I have an array that has about 70,000 rows that look like the following:
A = [ 1 2 3 4 5 6 0 723 1 22
1 2 3 4 5 7 0 NaN 2 10
etc.. ]
I would like to replace all NaN values in my array with the preceding value in the same column as the NaN value so that I would have something like this:
B = [ 1 2 3 4 5 6 0 723 1 22
1 2 3 4 5 7 0 723 2 10
etc.. ]
Since the array has about 70,000 rows, I am guessing some sort of loop would be the best way to achieve this.

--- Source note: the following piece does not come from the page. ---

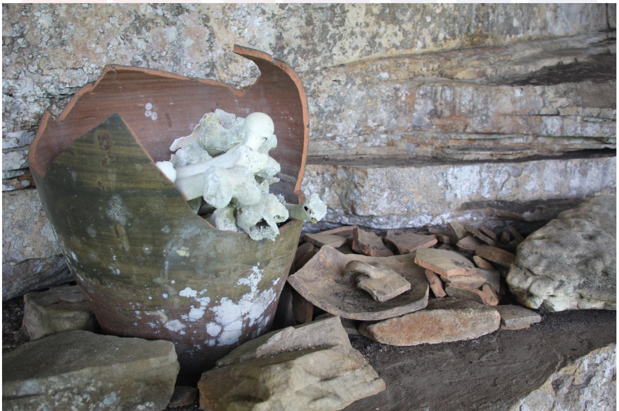
រូបលេខ៤ ពាងដាក់ឆ្អឹងនៅរូងជំនាងស.វទី១៥ ទី១៧គ.ស

Using the following:
for ii = 1:size(A,2)
I = A(1,ii);
for jj = 2:size(A,1)
if isnan(A(jj,ii))
A(jj,ii) = I;
else
I = A(jj,ii);
end
end
end
I have been able to make a loop that replaces the whole row with the preceding row, but I am unsure how to modify it to target only NaN values. Any help would be greatly appreciated!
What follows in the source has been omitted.